▸ **Information provided**:
···
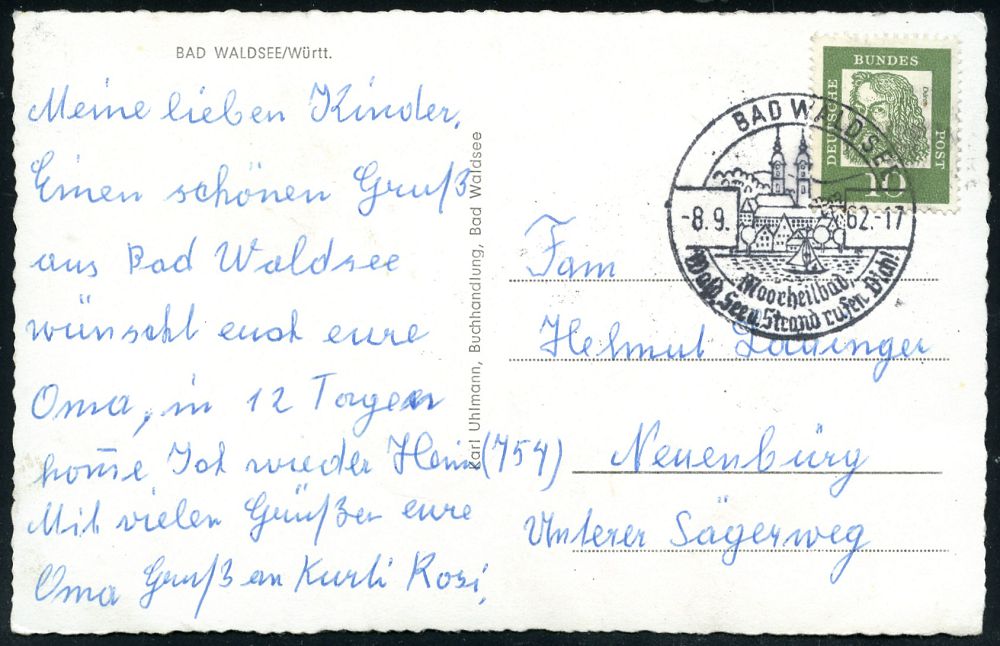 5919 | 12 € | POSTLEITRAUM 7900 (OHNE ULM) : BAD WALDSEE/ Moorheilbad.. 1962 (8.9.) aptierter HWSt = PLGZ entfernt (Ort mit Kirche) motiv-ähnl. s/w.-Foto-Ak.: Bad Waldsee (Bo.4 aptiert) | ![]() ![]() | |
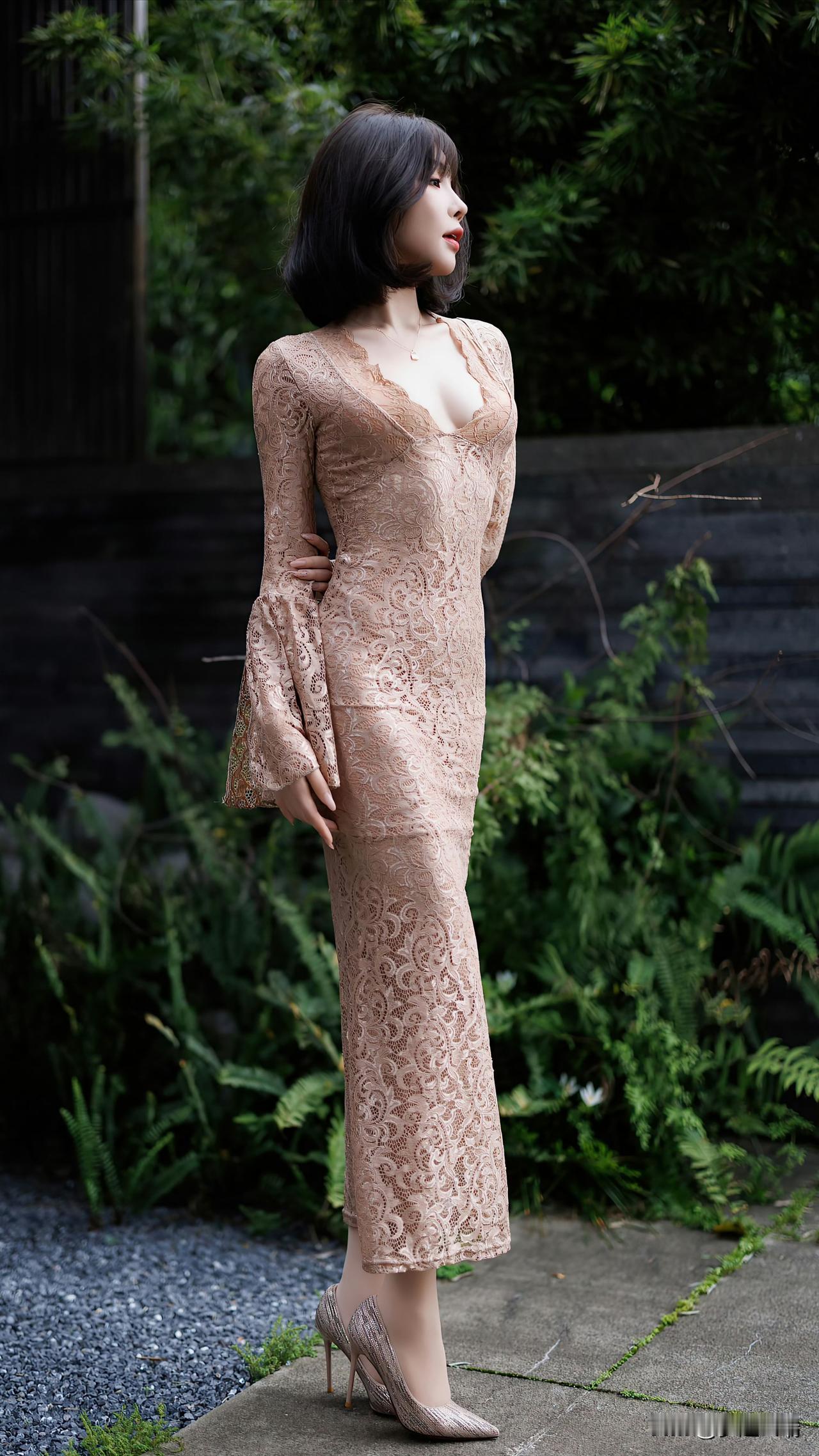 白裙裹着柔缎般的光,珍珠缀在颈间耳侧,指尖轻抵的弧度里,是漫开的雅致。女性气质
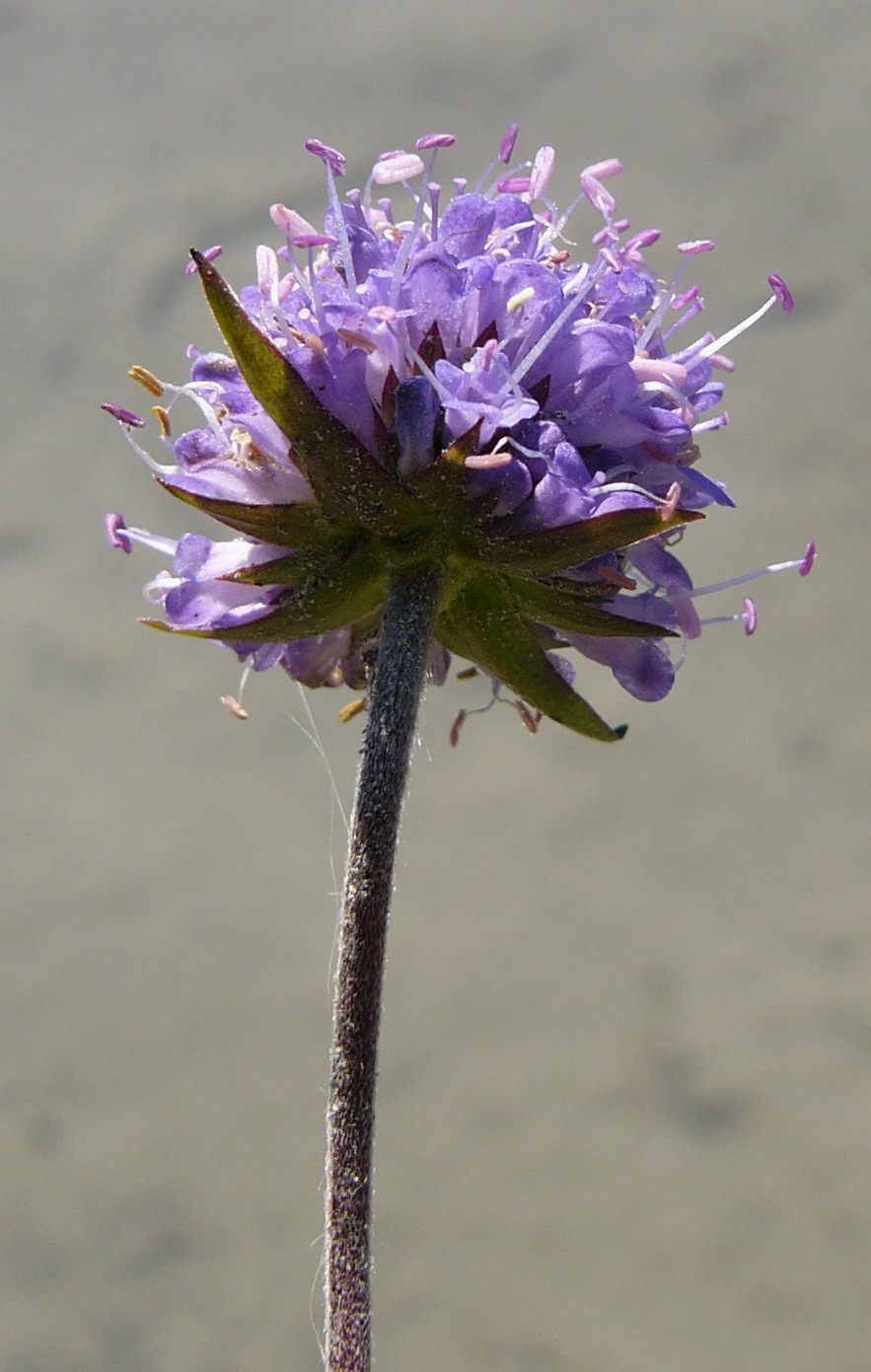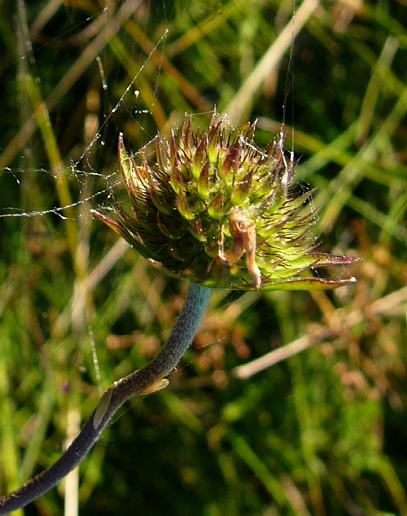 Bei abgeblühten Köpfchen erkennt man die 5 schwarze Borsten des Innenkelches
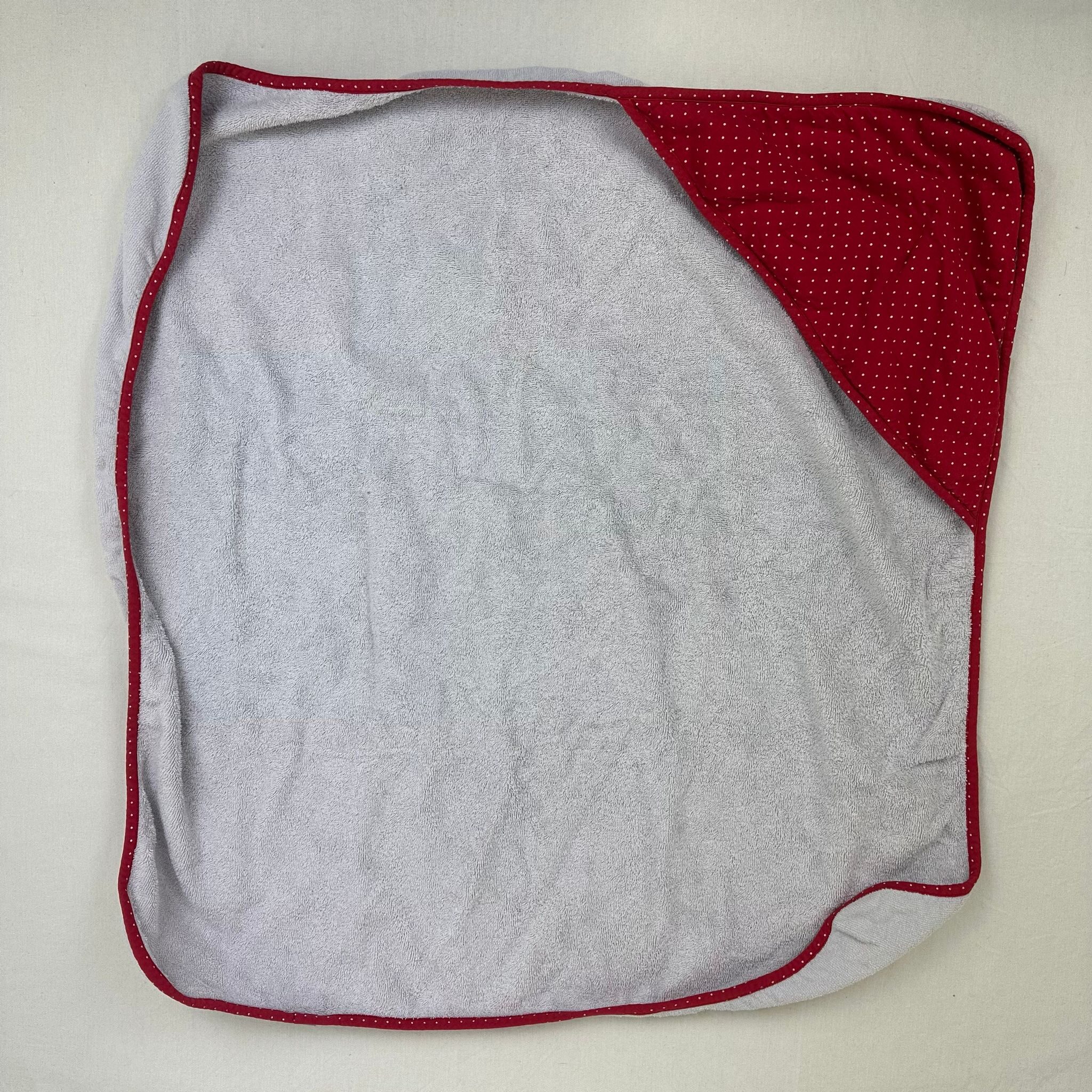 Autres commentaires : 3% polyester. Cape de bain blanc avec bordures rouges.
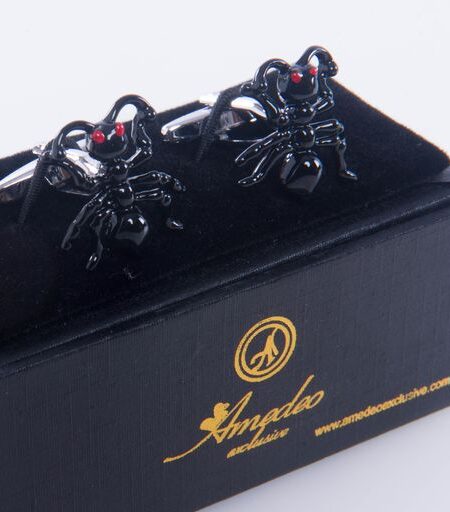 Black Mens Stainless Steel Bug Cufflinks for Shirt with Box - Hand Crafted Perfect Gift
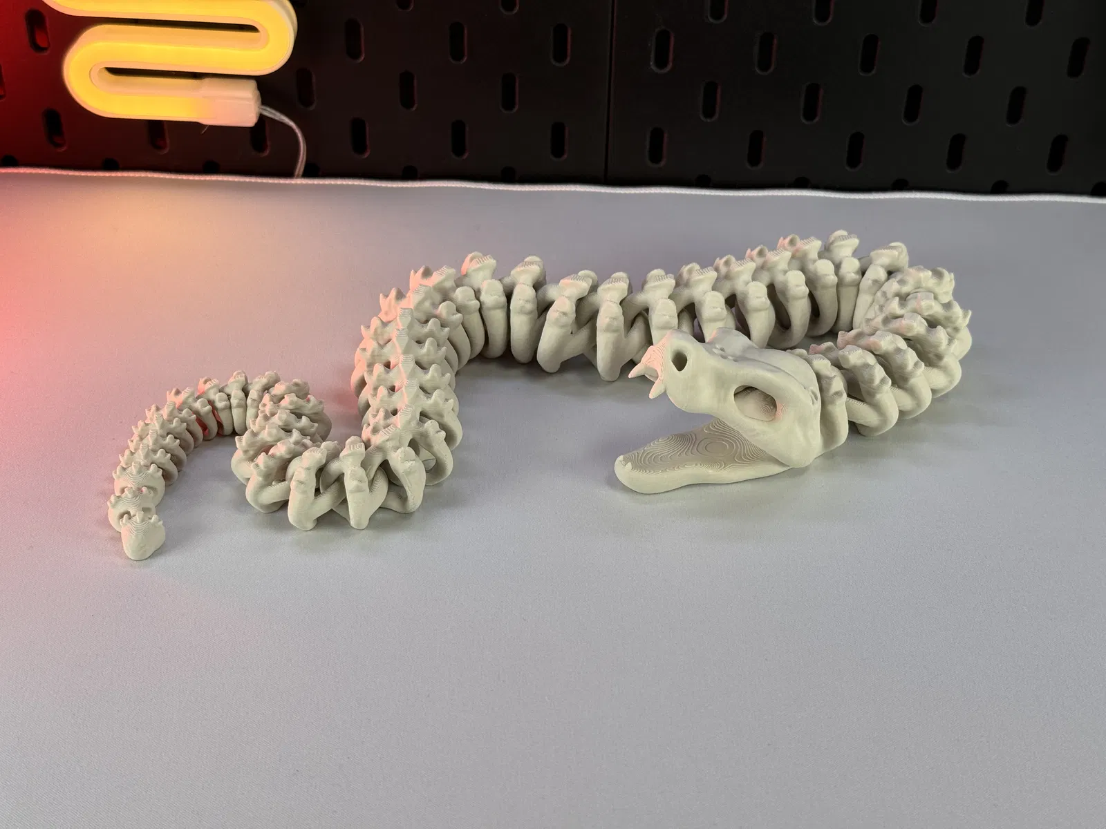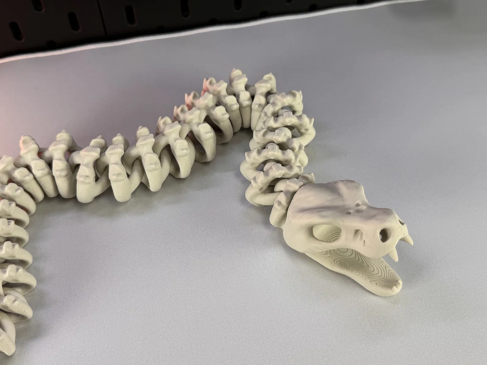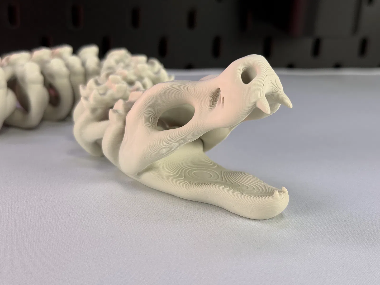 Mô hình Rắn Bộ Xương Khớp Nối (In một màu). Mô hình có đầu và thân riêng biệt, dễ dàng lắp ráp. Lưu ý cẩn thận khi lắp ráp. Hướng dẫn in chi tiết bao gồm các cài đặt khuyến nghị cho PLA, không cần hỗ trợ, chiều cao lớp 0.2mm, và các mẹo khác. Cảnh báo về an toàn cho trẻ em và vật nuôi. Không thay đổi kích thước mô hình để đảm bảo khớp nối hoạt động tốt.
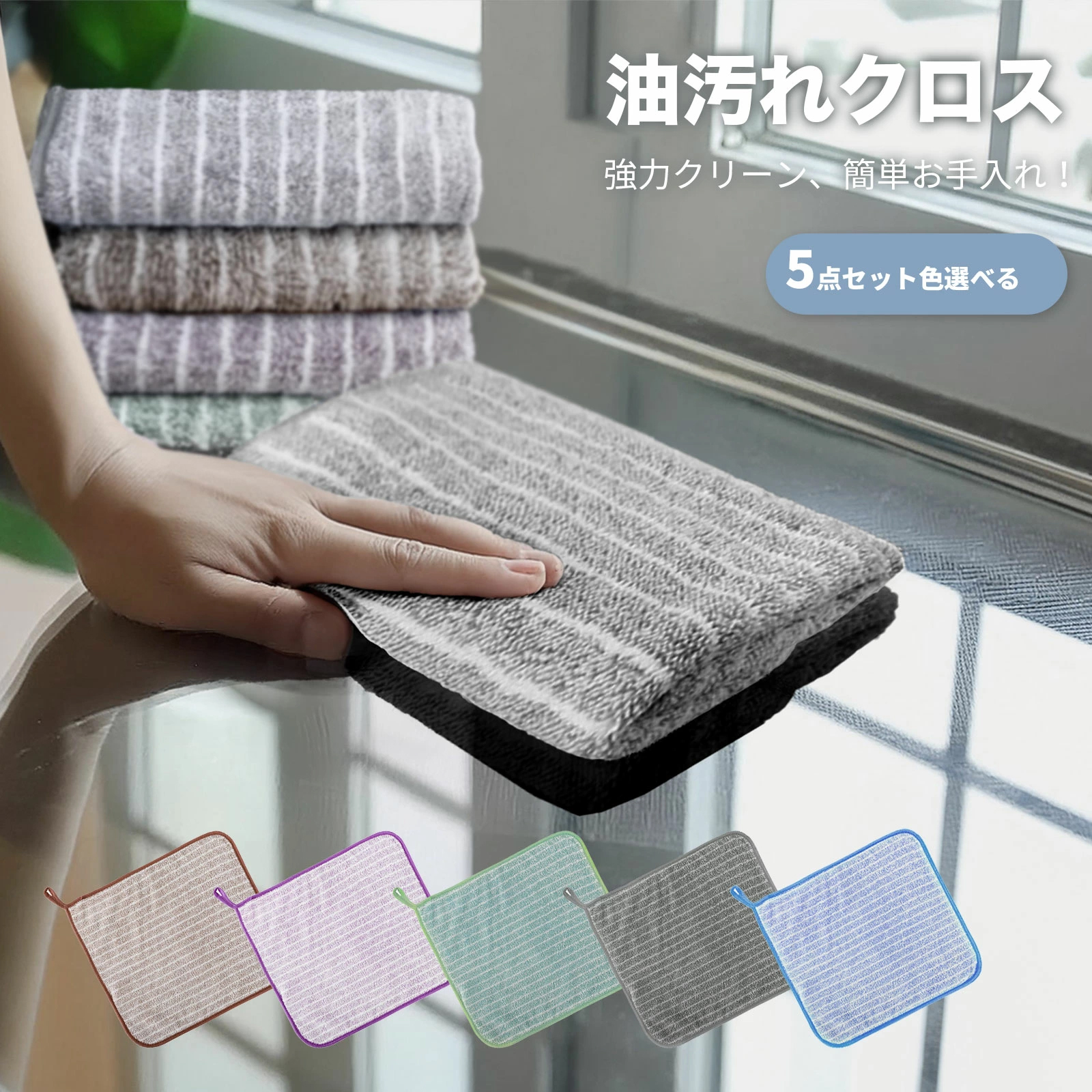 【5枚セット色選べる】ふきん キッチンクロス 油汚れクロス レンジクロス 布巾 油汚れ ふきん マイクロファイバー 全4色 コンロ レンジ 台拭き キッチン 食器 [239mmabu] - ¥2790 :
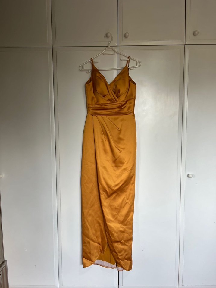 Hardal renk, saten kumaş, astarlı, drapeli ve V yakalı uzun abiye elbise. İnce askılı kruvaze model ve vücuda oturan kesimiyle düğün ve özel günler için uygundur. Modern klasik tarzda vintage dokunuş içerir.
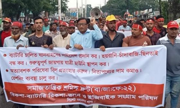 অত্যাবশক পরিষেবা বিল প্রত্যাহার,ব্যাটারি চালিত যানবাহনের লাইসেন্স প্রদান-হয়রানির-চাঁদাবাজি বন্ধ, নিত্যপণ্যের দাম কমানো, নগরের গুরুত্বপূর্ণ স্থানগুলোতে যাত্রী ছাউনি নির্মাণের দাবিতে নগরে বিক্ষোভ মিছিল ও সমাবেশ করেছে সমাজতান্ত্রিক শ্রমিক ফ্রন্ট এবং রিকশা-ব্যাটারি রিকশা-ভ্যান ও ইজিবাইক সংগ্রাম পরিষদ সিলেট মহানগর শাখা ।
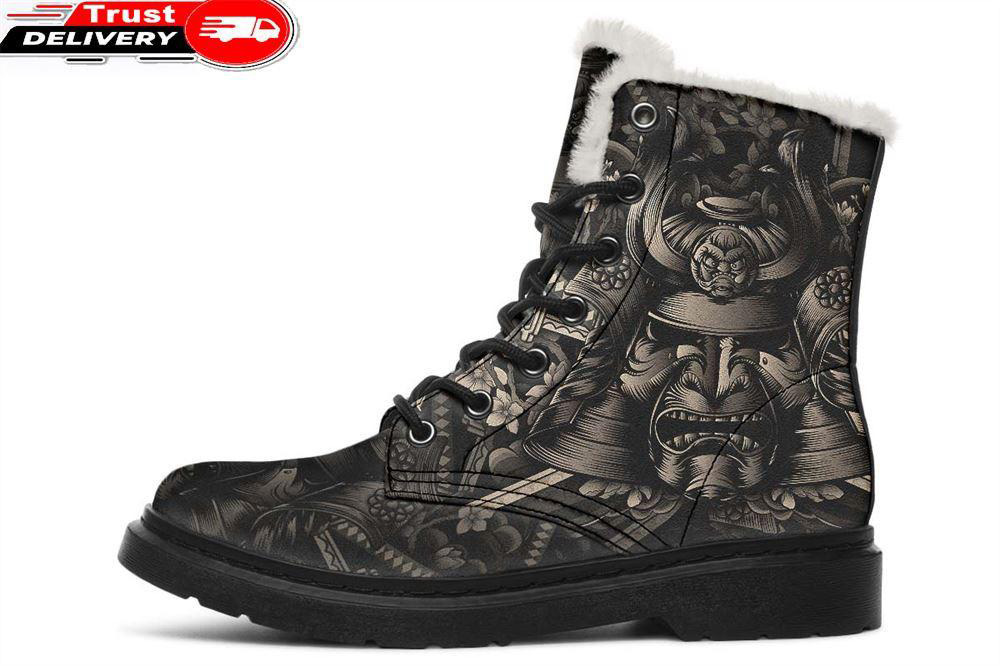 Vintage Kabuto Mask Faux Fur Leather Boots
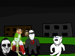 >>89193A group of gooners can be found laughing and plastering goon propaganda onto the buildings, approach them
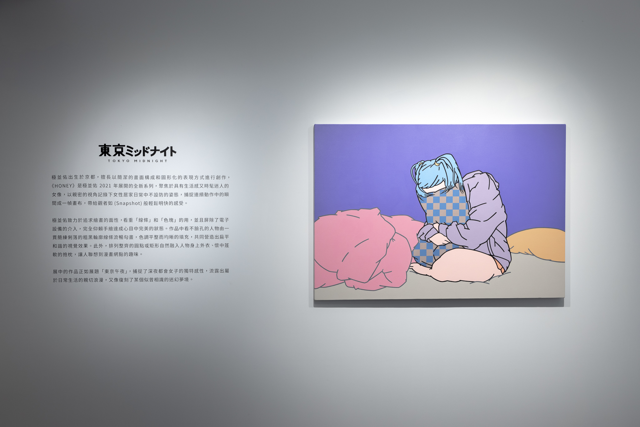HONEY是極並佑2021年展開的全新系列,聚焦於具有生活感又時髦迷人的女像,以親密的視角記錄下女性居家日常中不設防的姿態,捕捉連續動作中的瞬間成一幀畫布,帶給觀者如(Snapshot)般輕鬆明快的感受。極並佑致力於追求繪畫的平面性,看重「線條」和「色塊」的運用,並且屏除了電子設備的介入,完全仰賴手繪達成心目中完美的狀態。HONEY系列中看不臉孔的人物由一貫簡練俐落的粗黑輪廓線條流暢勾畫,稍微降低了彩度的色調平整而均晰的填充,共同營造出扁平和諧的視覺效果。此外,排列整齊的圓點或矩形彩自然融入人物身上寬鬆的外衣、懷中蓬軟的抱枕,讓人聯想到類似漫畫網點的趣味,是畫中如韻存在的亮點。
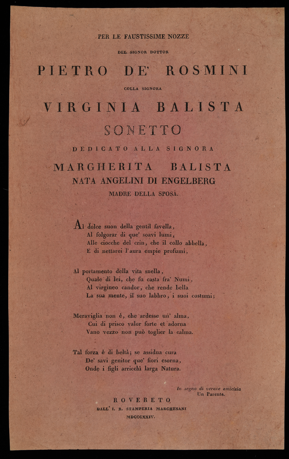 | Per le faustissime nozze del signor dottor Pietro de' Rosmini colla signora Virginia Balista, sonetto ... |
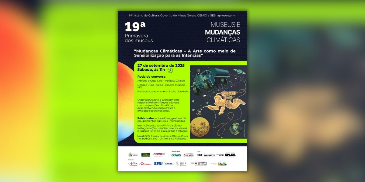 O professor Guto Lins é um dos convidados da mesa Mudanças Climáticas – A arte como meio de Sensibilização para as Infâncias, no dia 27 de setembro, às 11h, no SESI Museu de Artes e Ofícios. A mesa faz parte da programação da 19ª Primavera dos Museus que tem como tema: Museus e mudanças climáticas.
···
▸ **Task requirements**: In the answer, give only the lines from the top of the data above through the line with "白裙裹着柔缎般的光,珍珠缀在颈间耳侧,指尖轻抵的弧度里,是漫开的雅致。女性气质", reproduced exactly; no picture may appear.

▸ **Exercise solution**:
 5919 | 12 € | POSTLEITRAUM 7900 (OHNE ULM) : BAD WALDSEE/ Moorheilbad.. 1962 (8.9.) aptierter HWSt = PLGZ entfernt (Ort mit Kirche) motiv-ähnl. s/w.-Foto-Ak.: Bad Waldsee (Bo.4 aptiert) | ![]() ![]() | |
 白裙裹着柔缎般的光,珍珠缀在颈间耳侧,指尖轻抵的弧度里,是漫开的雅致。女性气质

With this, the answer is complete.